*REQUIRED ACTION*
Within the entries below, please return exactly the lines from the one with "Table By Aparentment" through the one with "I.I.I. Will Release", leaving out any pictures.

------------------------------

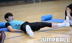 두경민이 밸런스를 잡는 훈련을 하고있다.
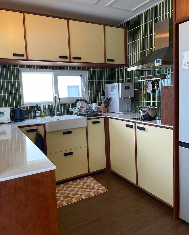작고 아기자기한 저희 집 주방입니다. 집을 설계하고 인테리어하며 가장 많이 고민하고 공을 들인(비용을 지불한) 공간이기도 해요. 빈티지한 느낌의 원목 주방을 만들기 위해 정말 다양한 사진 자료와 시공 업체를 찾아보았던 기억입니다. 시공하며 이런저런 우여곡절을 겪었지만 결과적으로 마음에 쏙 드는 하나뿐인 주방을 만나게 되어 아직도 주방에 들어설 때마다 기분 좋고 뿌듯해요.
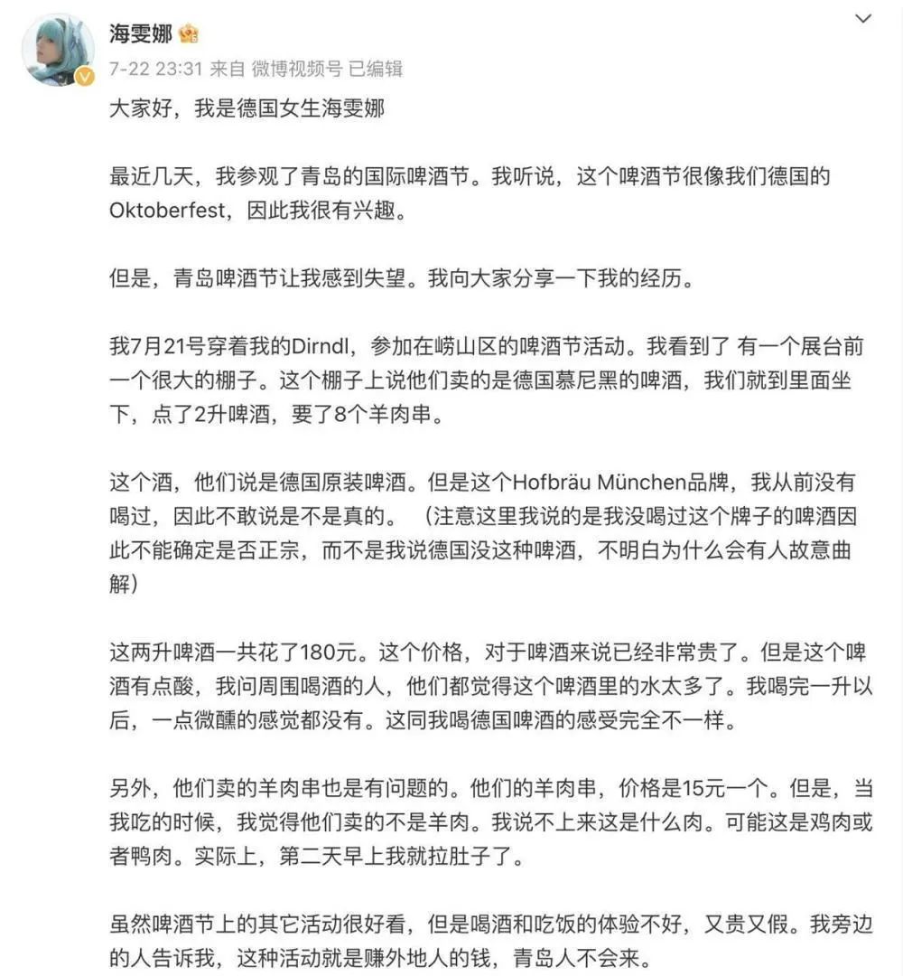 一位德国女孩海雯娜参加青岛啤酒节后,质疑所喝的啤酒和吃的羊肉是否“地道”,而网友们却不客气地称她为“假洋人”。
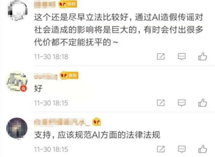 “一些喜欢我影视剧的观众,被AI换脸视频骗得很惨,这个性质非常恶劣。”
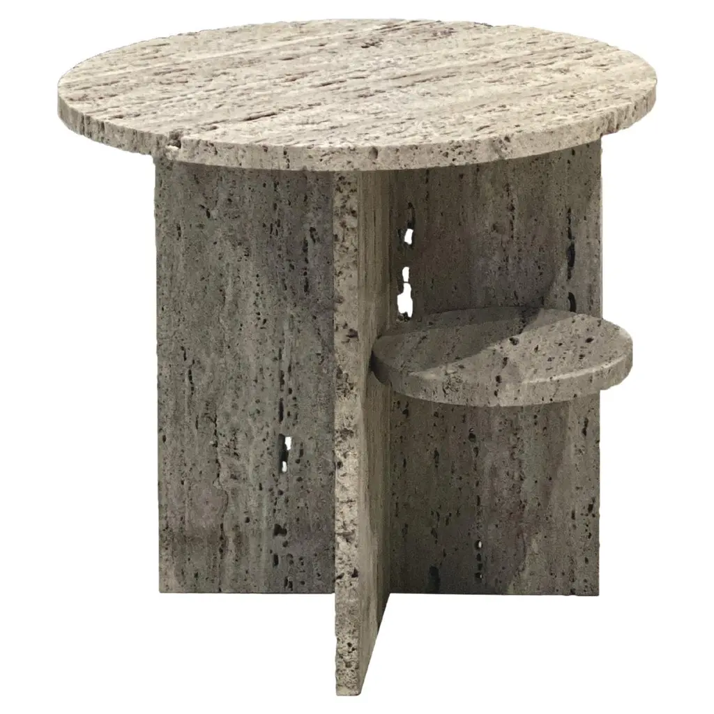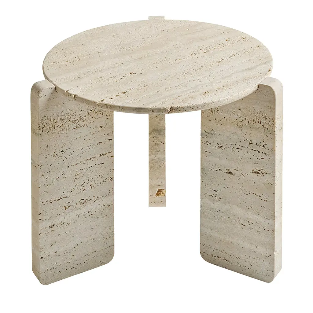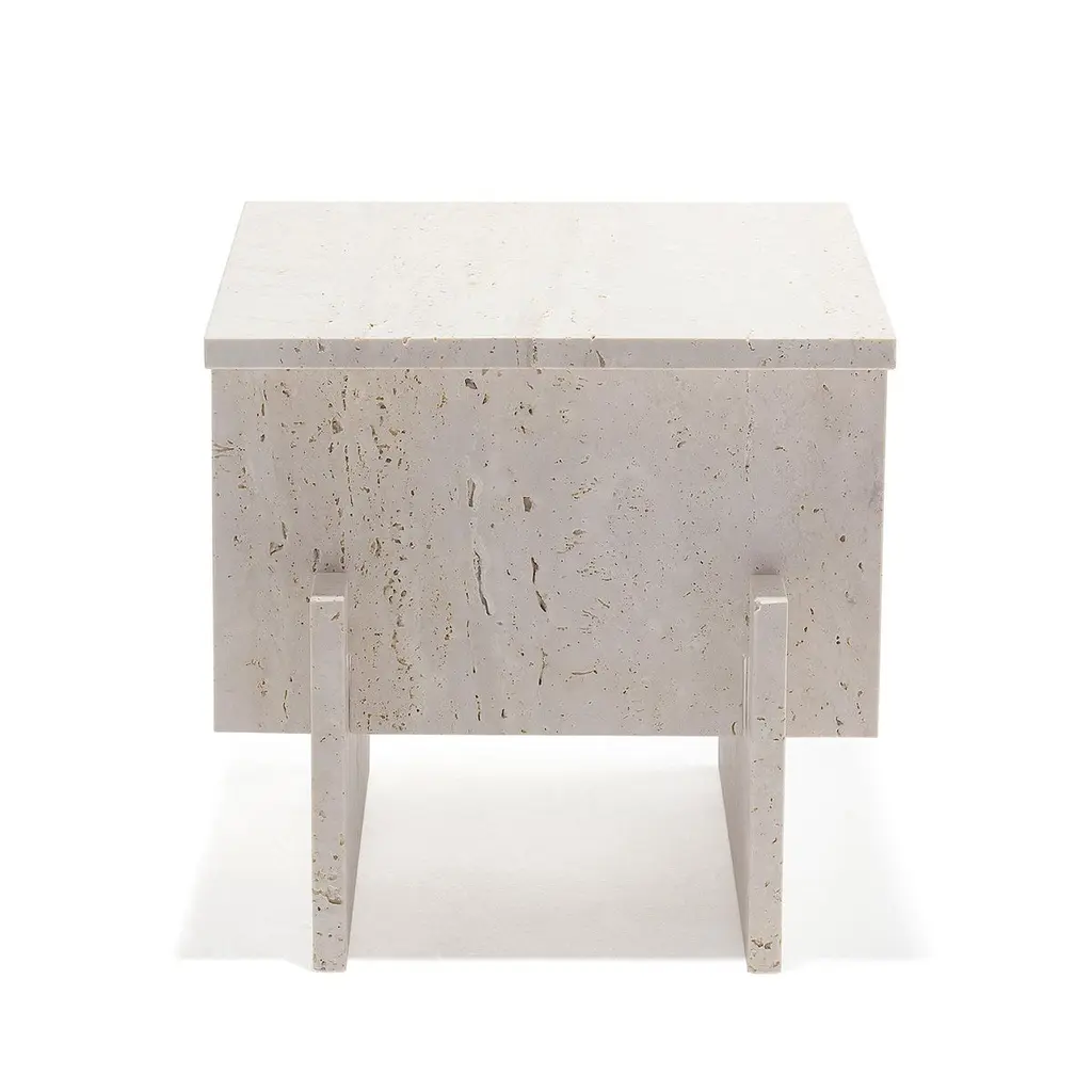 "Fit Side Table" Minimalist Travertine Cream Marble Side Table By Aparentment
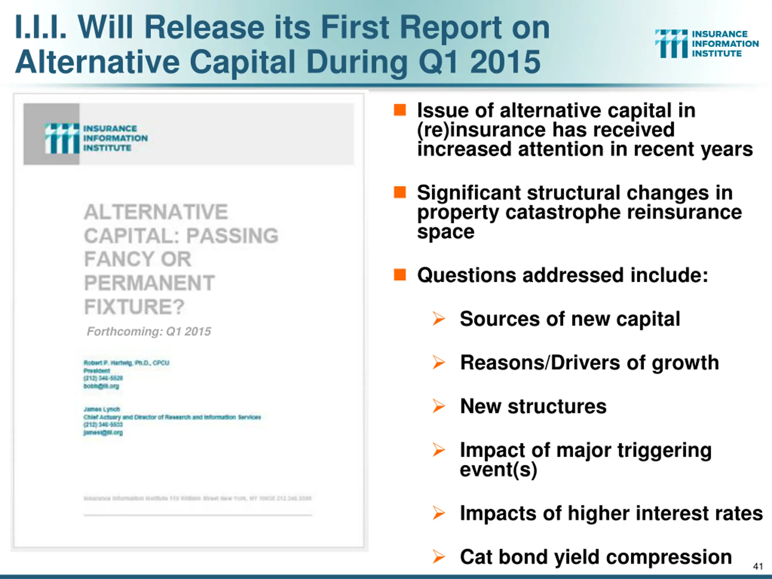 I.I.I. Will Release its First Report on Alternative Capital During Q1 2015 Issue of alternative capital in (re)insurance has received increased attention in recent years Significant structural changes in property catastrophe reinsurance space Questions addressed include: Sources of new capital Forthcoming: Q1 2015 Reasons/Drivers of growth New structures Impact of major triggering event(s) Impacts of higher interest rates Cat bond yield compression 41
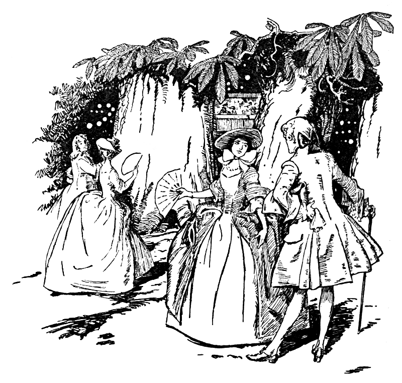 The “round thing” of which she had caught sight between trees, she now saw to be a sort of dome, beneath which was a circle of gilded and painted recesses, something like the boxes in[Pg 168] a theatre. From a pavilion in the middle of the covered part of the gardens, came the sound of music, and in every recess ladies and gentlemen were seated before little tables with glasses and cups upon them. With the dome, or Rotunda, as Godmother called it, as a centre, long alleys of trees stretched in every direction, like the spokes of a wheel, and were lighted by lamps hanging from the trees. The whole place indeed sparkled with lights, and in their radiance walked charming figures. Pretty ladies in gowns of brocade with powdered hair[Pg 169] and little black patches on their faces, were escorted by gentlemen no less charming in their satin coats, flowered waistcoats and three-cornered hats. They walked up and down the leafy alleys, sometimes stopping before platforms where people were singing or acting, sometimes greeting other parties of friends with low curtsies from the ladies and deep bows from the gentlemen.
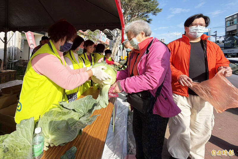 民眾購買10元高麗菜。(記者李容萍攝)
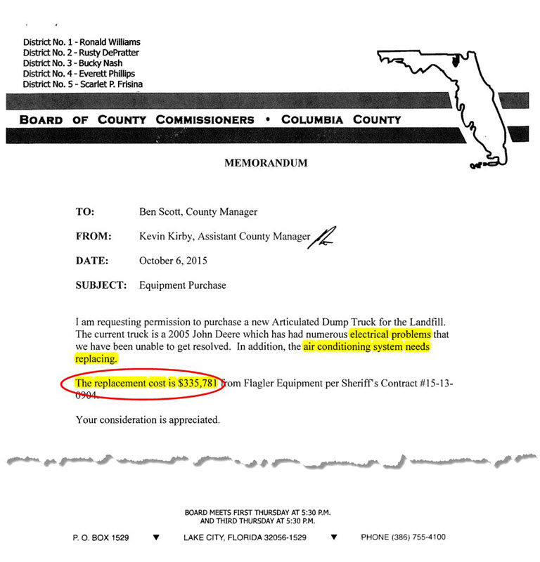 In the October 15, 2015 Consent Agenda, Mr. Kirby claimed, in an October 6 memo, the Landfill dump truck "air conditioning system needs replacing." He did not explain what that meant, nor did he give the cost.
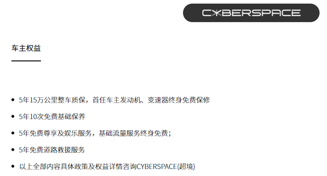 赛博骑士目前已经开启了预定,预售价在33-35万元左右,比赛博坦克的30.80万要贵一些,交付时间在2023年6月底。如果是赛博坦克车主购买,还会有专属的购车权益,具体如下:

------------------------------

*ANSWER TO THIS EXERCISE*
 "Fit Side Table" Minimalist Travertine Cream Marble Side Table By Aparentment
 I.I.I. Will Release its First Report on Alternative Capital During Q1 2015 Issue of alternative capital in (re)insurance has received increased attention in recent years Significant structural changes in property catastrophe reinsurance space Questions addressed include: Sources of new capital Forthcoming: Q1 2015 Reasons/Drivers of growth New structures Impact of major triggering event(s) Impacts of higher interest rates Cat bond yield compression 41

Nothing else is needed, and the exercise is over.